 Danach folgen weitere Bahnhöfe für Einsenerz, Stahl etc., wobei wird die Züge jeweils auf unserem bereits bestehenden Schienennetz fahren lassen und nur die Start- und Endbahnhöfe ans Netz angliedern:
________________________
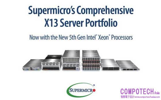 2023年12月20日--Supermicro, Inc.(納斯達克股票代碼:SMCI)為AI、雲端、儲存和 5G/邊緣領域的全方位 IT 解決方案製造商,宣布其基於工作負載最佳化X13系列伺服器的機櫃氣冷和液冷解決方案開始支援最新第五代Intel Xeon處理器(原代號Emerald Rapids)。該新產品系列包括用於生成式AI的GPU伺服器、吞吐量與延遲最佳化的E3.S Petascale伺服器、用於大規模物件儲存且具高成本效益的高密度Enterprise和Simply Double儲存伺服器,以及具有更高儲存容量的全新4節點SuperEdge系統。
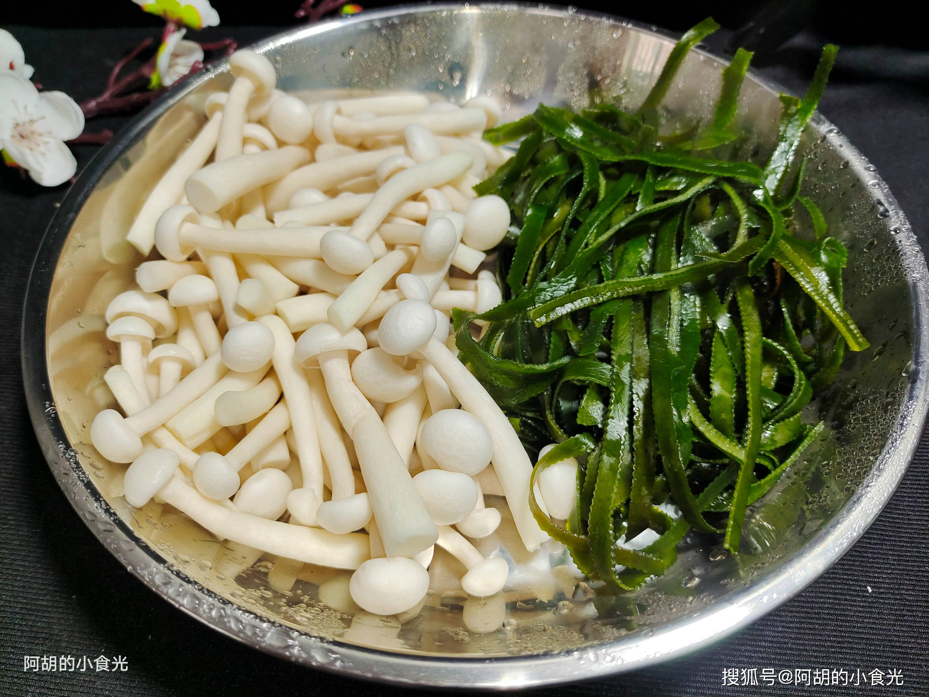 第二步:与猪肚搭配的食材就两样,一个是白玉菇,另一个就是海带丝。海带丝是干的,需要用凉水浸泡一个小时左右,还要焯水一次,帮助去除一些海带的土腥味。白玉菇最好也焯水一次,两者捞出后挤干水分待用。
________________________
Task brief: Within the entries above, the lines from the one containing "Inc.(納斯達克股票代碼:SMCI)為AI、雲端、儲存和 5G/邊緣領域的全方位 IT" through the one containing "第二步:与猪肚搭配的食材就两" are to be transcribed exactly, ends included, pictures excluded.

Answer space:
 2023年12月20日--Supermicro, Inc.(納斯達克股票代碼:SMCI)為AI、雲端、儲存和 5G/邊緣領域的全方位 IT 解決方案製造商,宣布其基於工作負載最佳化X13系列伺服器的機櫃氣冷和液冷解決方案開始支援最新第五代Intel Xeon處理器(原代號Emerald Rapids)。該新產品系列包括用於生成式AI的GPU伺服器、吞吐量與延遲最佳化的E3.S Petascale伺服器、用於大規模物件儲存且具高成本效益的高密度Enterprise和Simply Double儲存伺服器,以及具有更高儲存容量的全新4節點SuperEdge系統。
 第二步:与猪肚搭配的食材就两样,一个是白玉菇,另一个就是海带丝。海带丝是干的,需要用凉水浸泡一个小时左右,还要焯水一次,帮助去除一些海带的土腥味。白玉菇最好也焯水一次,两者捞出后挤干水分待用。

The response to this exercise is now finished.